What this task involves
Nothing outside the range is to be copied. From the entries below, reproduce exactly the lines starting at the one with "SHEIN Plus Size" and ending at the one with "Pirinç Gümüş Renk", without pictures.

Data records
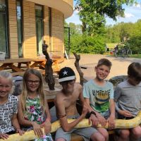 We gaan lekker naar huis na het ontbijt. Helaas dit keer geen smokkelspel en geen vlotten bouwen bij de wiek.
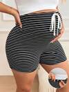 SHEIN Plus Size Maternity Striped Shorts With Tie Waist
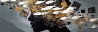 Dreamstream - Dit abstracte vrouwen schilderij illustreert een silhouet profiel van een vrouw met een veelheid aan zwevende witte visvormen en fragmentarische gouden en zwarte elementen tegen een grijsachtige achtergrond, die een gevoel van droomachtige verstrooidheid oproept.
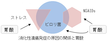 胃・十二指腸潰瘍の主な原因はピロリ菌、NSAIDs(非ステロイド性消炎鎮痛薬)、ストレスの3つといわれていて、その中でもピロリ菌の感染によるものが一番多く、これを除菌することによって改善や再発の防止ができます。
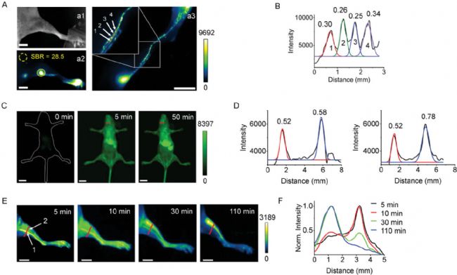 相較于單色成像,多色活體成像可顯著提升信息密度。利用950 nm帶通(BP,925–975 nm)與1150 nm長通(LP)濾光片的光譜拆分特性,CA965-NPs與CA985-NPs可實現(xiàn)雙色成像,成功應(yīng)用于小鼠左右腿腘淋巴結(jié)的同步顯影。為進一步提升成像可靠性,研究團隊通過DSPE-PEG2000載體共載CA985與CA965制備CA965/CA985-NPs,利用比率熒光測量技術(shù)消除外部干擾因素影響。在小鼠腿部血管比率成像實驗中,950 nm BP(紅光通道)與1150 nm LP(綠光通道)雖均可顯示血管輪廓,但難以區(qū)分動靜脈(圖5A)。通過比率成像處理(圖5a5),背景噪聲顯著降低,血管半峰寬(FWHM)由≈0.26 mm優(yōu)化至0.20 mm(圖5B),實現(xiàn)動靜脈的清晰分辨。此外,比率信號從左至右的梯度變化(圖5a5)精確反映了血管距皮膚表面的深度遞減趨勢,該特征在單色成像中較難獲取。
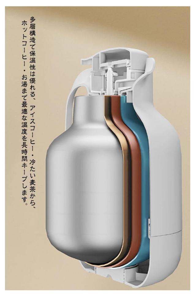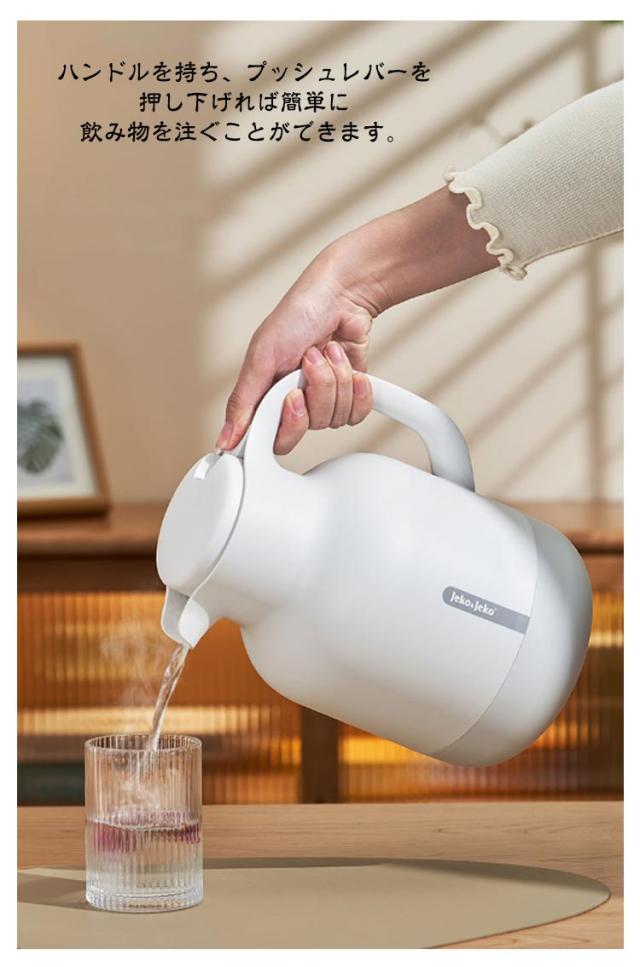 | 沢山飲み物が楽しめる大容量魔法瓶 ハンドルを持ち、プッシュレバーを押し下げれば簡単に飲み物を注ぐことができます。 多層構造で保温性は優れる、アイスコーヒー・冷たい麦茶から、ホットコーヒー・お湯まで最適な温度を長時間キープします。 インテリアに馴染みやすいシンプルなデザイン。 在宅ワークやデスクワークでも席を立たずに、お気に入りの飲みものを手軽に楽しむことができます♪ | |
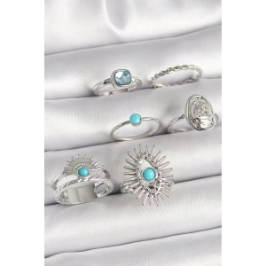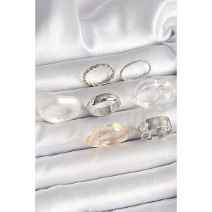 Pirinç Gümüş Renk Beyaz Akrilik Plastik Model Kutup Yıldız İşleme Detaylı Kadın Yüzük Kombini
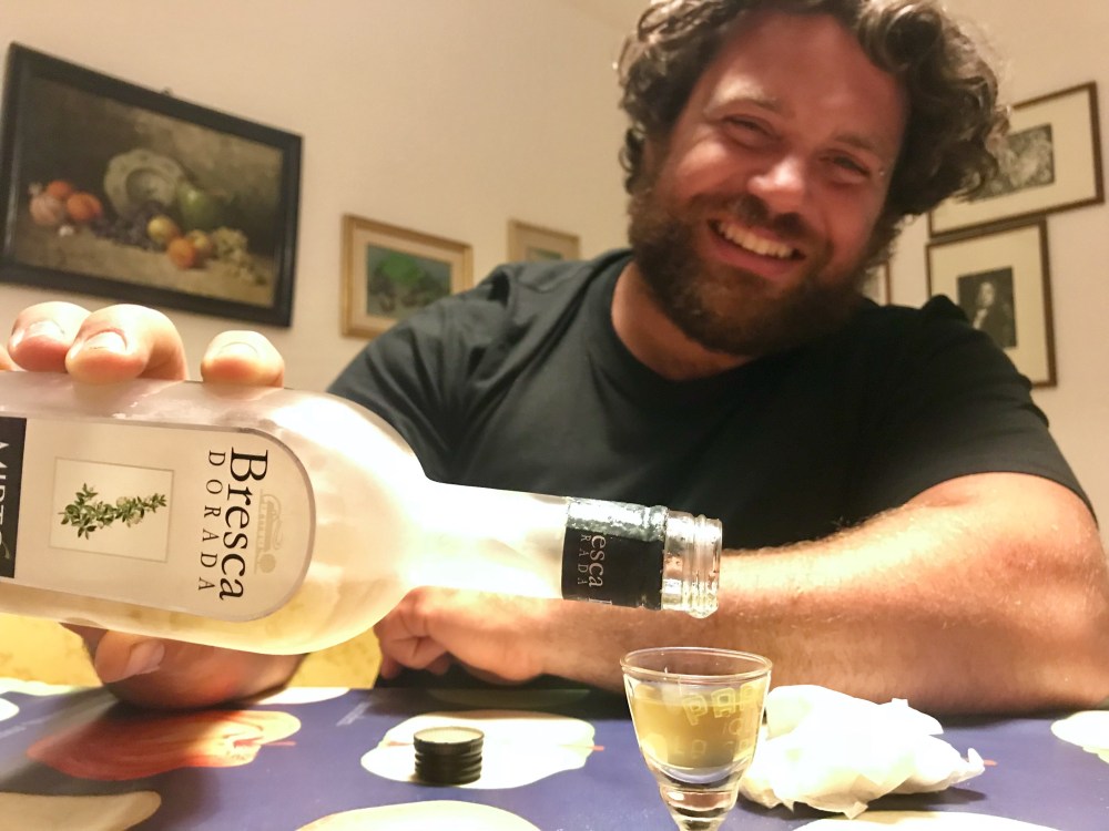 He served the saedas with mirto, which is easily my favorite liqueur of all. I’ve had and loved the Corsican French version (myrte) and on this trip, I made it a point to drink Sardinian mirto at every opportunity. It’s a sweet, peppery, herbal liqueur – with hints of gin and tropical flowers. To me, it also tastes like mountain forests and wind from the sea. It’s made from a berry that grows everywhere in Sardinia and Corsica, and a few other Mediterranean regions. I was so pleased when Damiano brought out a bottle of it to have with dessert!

...

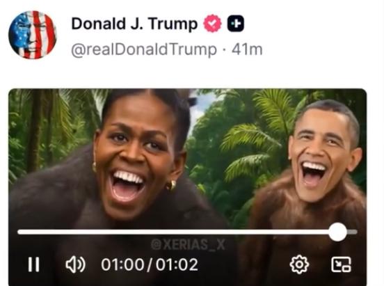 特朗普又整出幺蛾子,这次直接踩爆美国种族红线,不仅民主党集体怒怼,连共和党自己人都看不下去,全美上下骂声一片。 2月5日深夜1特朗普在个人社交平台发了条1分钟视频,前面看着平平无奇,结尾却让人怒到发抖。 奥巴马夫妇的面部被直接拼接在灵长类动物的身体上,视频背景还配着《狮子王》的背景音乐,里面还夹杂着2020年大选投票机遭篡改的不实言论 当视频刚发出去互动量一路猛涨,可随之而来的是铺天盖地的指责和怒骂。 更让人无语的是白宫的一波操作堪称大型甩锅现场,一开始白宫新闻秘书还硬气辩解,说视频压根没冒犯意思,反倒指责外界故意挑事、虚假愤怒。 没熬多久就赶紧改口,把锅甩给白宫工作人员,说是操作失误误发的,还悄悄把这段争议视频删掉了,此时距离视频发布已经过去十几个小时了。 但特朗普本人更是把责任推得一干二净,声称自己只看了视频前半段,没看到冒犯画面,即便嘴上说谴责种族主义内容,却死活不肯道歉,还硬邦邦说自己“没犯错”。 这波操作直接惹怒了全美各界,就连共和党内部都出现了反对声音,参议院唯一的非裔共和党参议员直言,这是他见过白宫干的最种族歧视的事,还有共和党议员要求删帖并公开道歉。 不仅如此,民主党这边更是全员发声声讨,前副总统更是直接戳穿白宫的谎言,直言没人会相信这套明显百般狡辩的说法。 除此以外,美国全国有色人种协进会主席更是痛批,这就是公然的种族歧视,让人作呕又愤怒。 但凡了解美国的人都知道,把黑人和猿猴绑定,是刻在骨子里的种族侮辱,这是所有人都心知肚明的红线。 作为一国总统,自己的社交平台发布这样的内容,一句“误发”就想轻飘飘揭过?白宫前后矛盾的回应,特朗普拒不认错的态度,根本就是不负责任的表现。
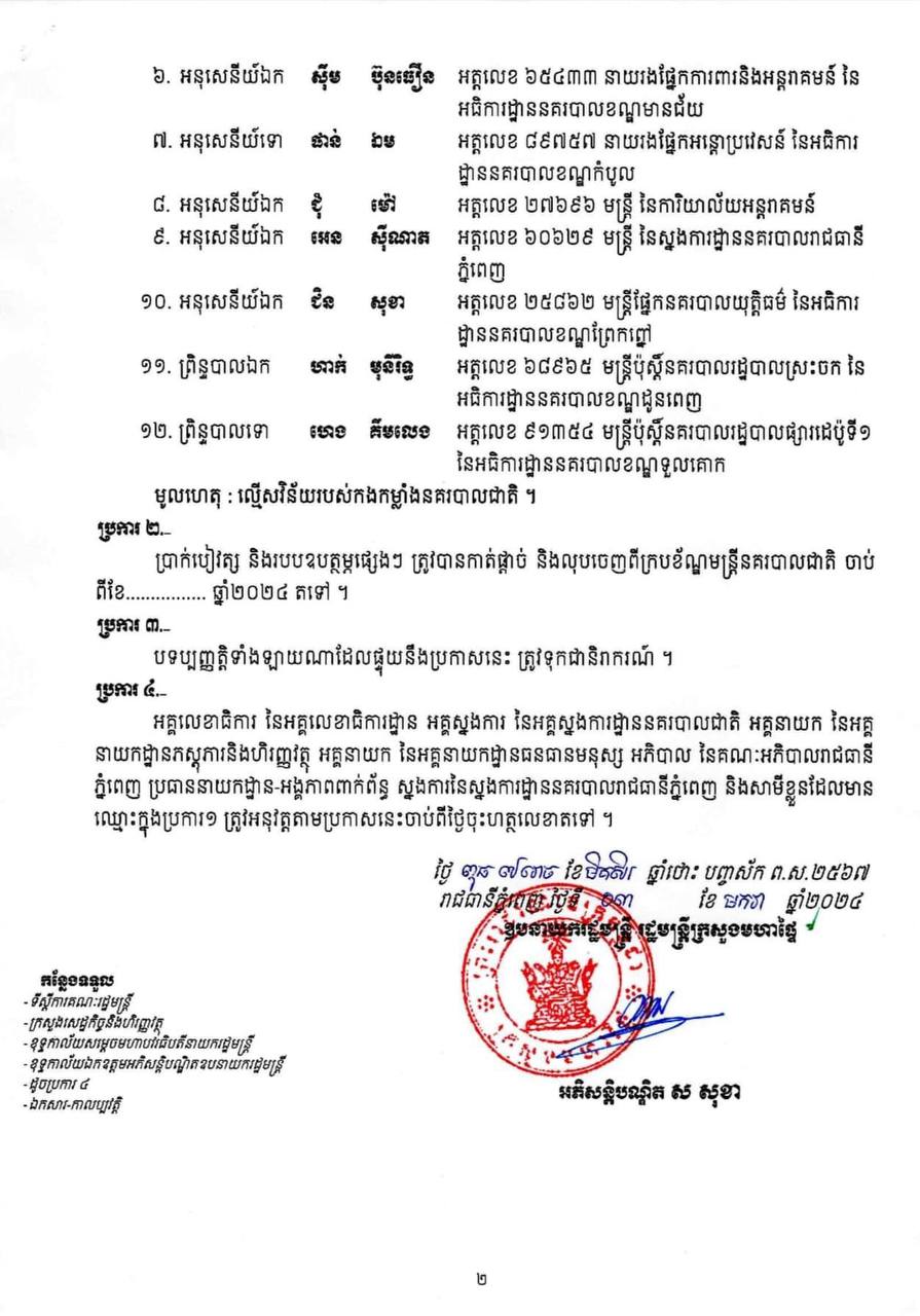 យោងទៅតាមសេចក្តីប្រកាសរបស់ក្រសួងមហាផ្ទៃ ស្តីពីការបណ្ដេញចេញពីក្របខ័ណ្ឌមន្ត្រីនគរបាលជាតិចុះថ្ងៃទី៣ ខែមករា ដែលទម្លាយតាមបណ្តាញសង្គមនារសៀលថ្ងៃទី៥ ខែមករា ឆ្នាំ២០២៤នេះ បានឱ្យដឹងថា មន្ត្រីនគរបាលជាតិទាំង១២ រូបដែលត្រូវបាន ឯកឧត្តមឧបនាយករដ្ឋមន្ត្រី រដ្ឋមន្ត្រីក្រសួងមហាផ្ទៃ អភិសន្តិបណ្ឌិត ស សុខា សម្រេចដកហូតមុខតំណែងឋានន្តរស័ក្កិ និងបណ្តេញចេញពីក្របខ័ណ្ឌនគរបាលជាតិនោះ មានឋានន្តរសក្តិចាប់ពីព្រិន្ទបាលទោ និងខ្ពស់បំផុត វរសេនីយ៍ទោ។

---

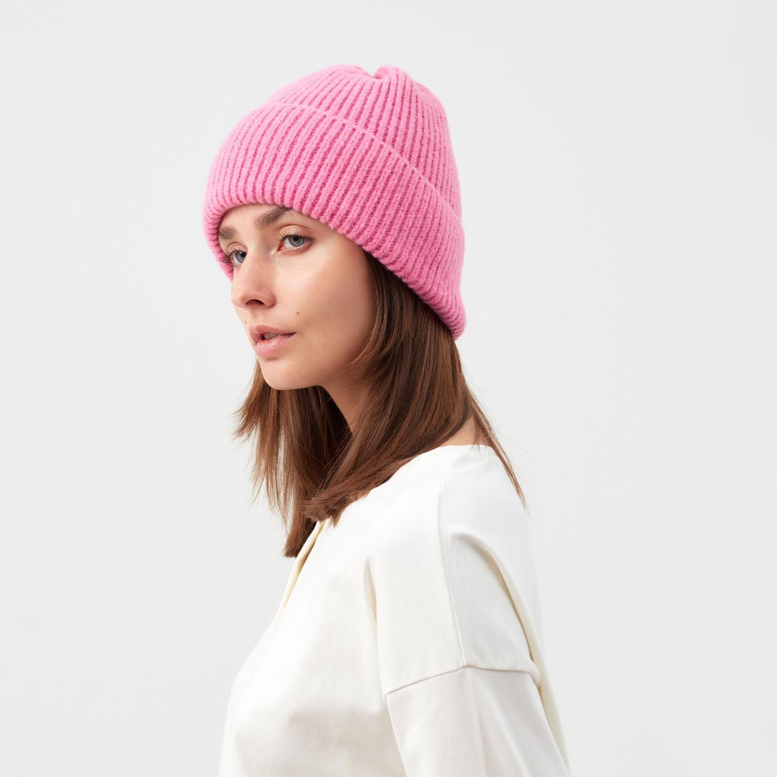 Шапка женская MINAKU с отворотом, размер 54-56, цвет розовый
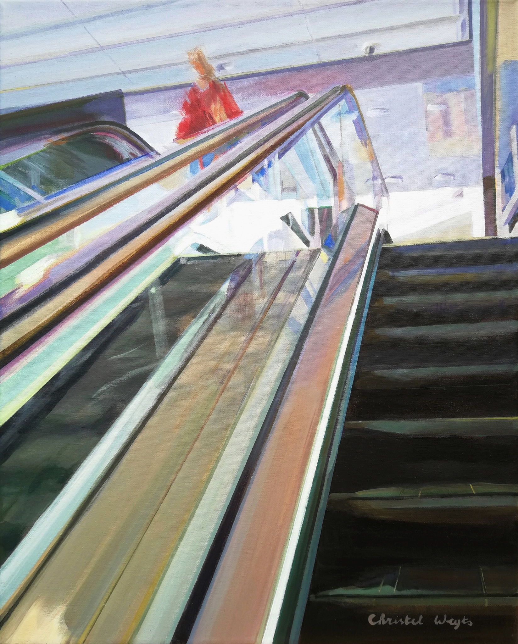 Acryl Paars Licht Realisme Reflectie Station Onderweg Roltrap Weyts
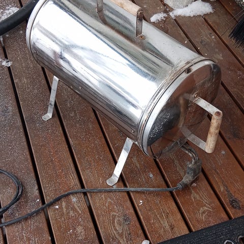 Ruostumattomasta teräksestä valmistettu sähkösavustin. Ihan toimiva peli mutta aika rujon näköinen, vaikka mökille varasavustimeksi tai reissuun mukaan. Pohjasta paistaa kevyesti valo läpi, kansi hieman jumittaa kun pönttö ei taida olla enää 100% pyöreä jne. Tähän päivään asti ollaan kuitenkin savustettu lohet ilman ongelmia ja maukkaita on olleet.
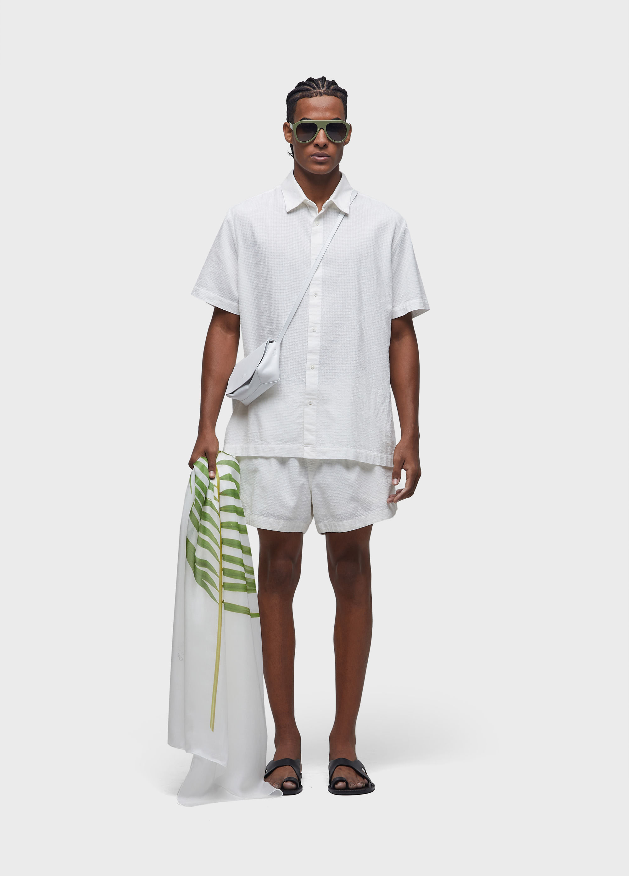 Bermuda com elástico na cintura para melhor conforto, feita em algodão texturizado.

Response
 SHEIN Plus Size Maternity Striped Shorts With Tie Waist
 Dreamstream - Dit abstracte vrouwen schilderij illustreert een silhouet profiel van een vrouw met een veelheid aan zwevende witte visvormen en fragmentarische gouden en zwarte elementen tegen een grijsachtige achtergrond, die een gevoel van droomachtige verstrooidheid oproept.
 胃・十二指腸潰瘍の主な原因はピロリ菌、NSAIDs(非ステロイド性消炎鎮痛薬)、ストレスの3つといわれていて、その中でもピロリ菌の感染によるものが一番多く、これを除菌することによって改善や再発の防止ができます。
 相較于單色成像,多色活體成像可顯著提升信息密度。利用950 nm帶通(BP,925–975 nm)與1150 nm長通(LP)濾光片的光譜拆分特性,CA965-NPs與CA985-NPs可實現(xiàn)雙色成像,成功應(yīng)用于小鼠左右腿腘淋巴結(jié)的同步顯影。為進一步提升成像可靠性,研究團隊通過DSPE-PEG2000載體共載CA985與CA965制備CA965/CA985-NPs,利用比率熒光測量技術(shù)消除外部干擾因素影響。在小鼠腿部血管比率成像實驗中,950 nm BP(紅光通道)與1150 nm LP(綠光通道)雖均可顯示血管輪廓,但難以區(qū)分動靜脈(圖5A)。通過比率成像處理(圖5a5),背景噪聲顯著降低,血管半峰寬(FWHM)由≈0.26 mm優(yōu)化至0.20 mm(圖5B),實現(xiàn)動靜脈的清晰分辨。此外,比率信號從左至右的梯度變化(圖5a5)精確反映了血管距皮膚表面的深度遞減趨勢,該特征在單色成像中較難獲取。
 | 沢山飲み物が楽しめる大容量魔法瓶 ハンドルを持ち、プッシュレバーを押し下げれば簡単に飲み物を注ぐことができます。 多層構造で保温性は優れる、アイスコーヒー・冷たい麦茶から、ホットコーヒー・お湯まで最適な温度を長時間キープします。 インテリアに馴染みやすいシンプルなデザイン。 在宅ワークやデスクワークでも席を立たずに、お気に入りの飲みものを手軽に楽しむことができます♪ | |
 Pirinç Gümüş Renk Beyaz Akrilik Plastik Model Kutup Yıldız İşleme Detaylı Kadın Yüzük Kombini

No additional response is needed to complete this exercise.